* Exercise requirements *
Copy, exactly as written, the lines that begin at the one containing "- Select your" and end at the one containing "Lovingly maintained log". Skip any pictures in the data below.

* Input for this task *
▶

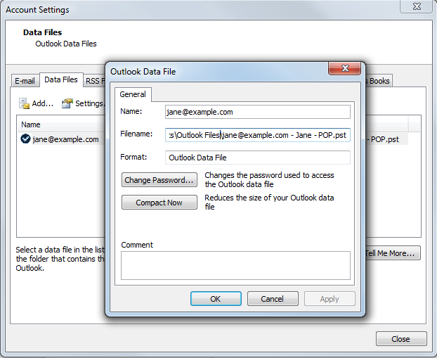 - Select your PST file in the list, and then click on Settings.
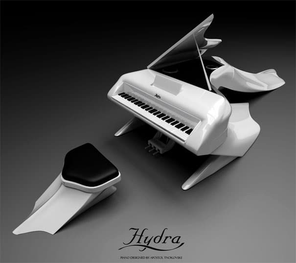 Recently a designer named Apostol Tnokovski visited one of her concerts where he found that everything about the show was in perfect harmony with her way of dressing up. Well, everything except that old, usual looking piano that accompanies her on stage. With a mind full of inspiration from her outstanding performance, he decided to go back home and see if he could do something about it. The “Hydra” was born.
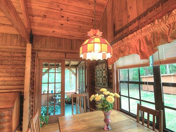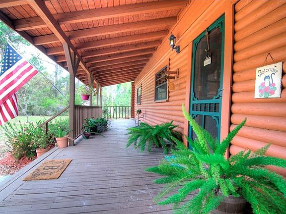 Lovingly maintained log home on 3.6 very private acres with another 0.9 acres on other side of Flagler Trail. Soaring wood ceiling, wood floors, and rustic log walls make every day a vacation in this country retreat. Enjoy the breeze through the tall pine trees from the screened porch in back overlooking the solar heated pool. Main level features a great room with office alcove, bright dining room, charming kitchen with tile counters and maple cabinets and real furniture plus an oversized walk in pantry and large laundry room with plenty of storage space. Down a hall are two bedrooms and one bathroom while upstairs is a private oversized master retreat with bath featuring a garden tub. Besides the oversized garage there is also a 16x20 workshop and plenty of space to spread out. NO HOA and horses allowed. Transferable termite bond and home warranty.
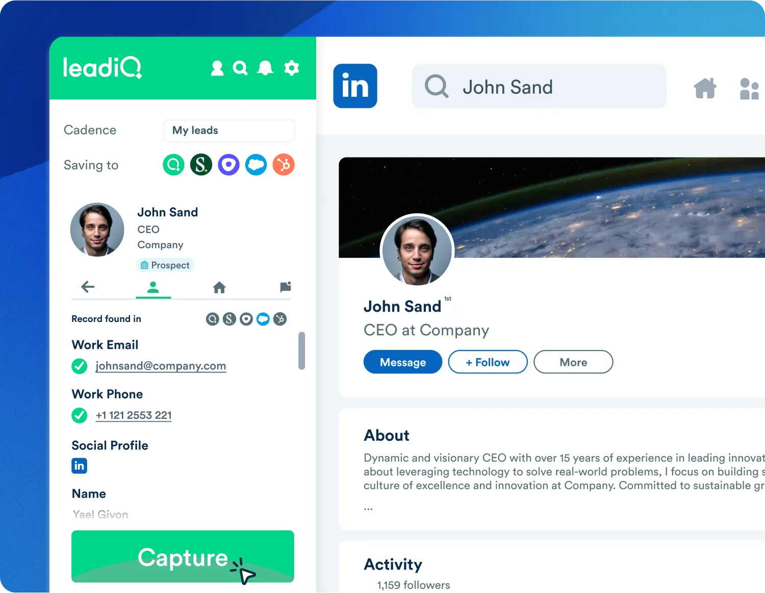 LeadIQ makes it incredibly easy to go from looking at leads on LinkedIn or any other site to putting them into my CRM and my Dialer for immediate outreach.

◀
▶

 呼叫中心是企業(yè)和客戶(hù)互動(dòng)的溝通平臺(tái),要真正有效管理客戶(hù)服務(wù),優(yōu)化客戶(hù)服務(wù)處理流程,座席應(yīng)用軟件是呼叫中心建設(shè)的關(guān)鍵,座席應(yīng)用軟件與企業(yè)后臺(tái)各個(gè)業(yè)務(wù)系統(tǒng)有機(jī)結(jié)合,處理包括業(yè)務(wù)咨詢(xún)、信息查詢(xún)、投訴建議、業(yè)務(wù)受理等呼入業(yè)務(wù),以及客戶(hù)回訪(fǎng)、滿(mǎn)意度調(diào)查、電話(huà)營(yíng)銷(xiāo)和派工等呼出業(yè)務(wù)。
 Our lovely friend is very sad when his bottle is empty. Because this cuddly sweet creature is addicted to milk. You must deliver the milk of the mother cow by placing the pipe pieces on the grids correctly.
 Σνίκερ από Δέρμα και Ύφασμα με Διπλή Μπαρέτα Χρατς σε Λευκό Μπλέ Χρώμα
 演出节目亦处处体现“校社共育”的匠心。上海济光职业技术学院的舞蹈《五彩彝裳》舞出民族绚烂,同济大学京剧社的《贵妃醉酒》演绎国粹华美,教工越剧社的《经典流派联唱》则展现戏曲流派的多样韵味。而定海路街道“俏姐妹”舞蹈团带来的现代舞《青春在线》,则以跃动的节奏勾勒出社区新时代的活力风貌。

◀
▶

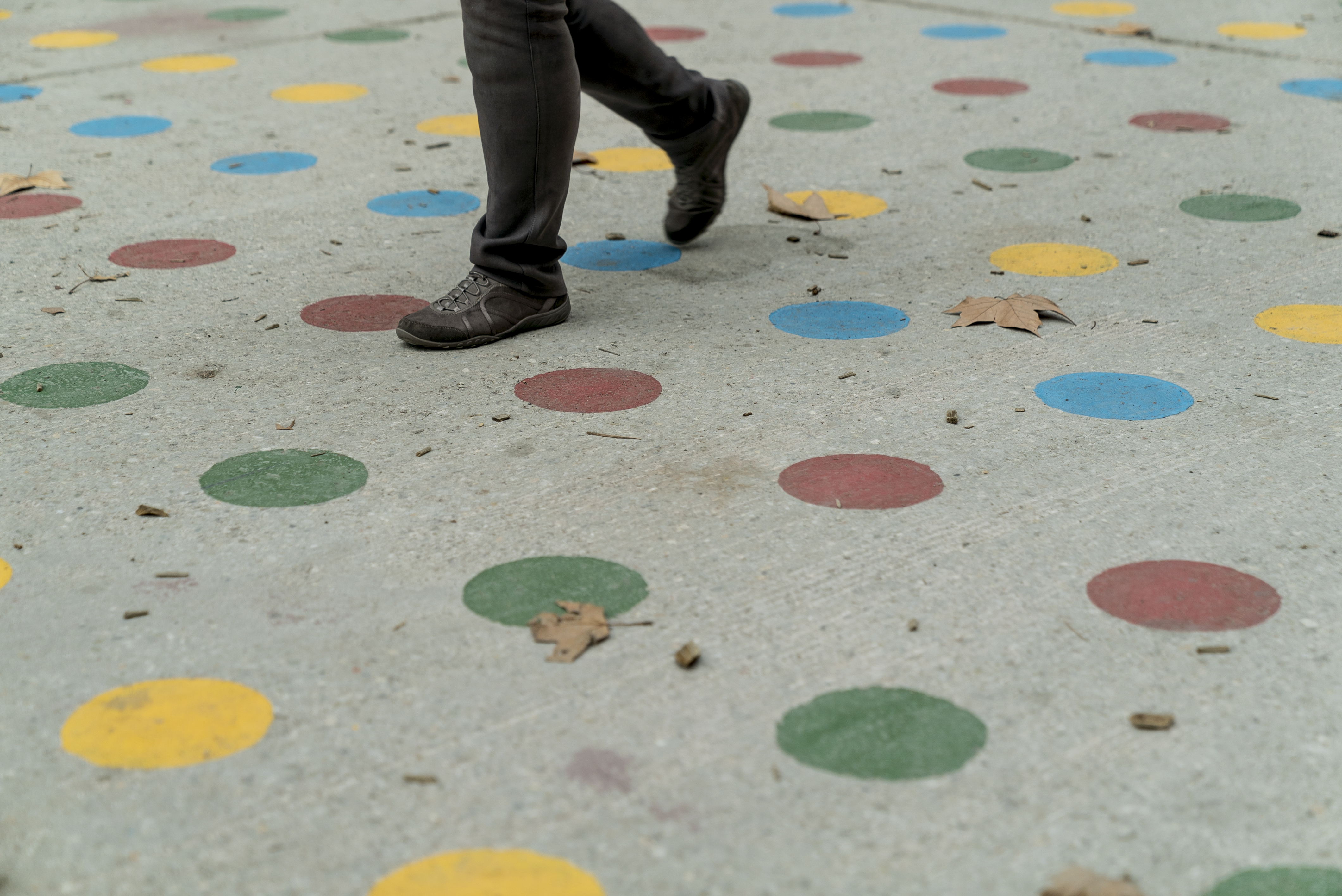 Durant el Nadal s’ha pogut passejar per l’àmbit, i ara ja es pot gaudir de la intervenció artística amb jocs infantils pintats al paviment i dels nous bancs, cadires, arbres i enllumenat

◀

* Result for this exercise *
 - Select your PST file in the list, and then click on Settings.
 Recently a designer named Apostol Tnokovski visited one of her concerts where he found that everything about the show was in perfect harmony with her way of dressing up. Well, everything except that old, usual looking piano that accompanies her on stage. With a mind full of inspiration from her outstanding performance, he decided to go back home and see if he could do something about it. The “Hydra” was born.
 Lovingly maintained log home on 3.6 very private acres with another 0.9 acres on other side of Flagler Trail. Soaring wood ceiling, wood floors, and rustic log walls make every day a vacation in this country retreat. Enjoy the breeze through the tall pine trees from the screened porch in back overlooking the solar heated pool. Main level features a great room with office alcove, bright dining room, charming kitchen with tile counters and maple cabinets and real furniture plus an oversized walk in pantry and large laundry room with plenty of storage space. Down a hall are two bedrooms and one bathroom while upstairs is a private oversized master retreat with bath featuring a garden tub. Besides the oversized garage there is also a 16x20 workshop and plenty of space to spread out. NO HOA and horses allowed. Transferable termite bond and home warranty.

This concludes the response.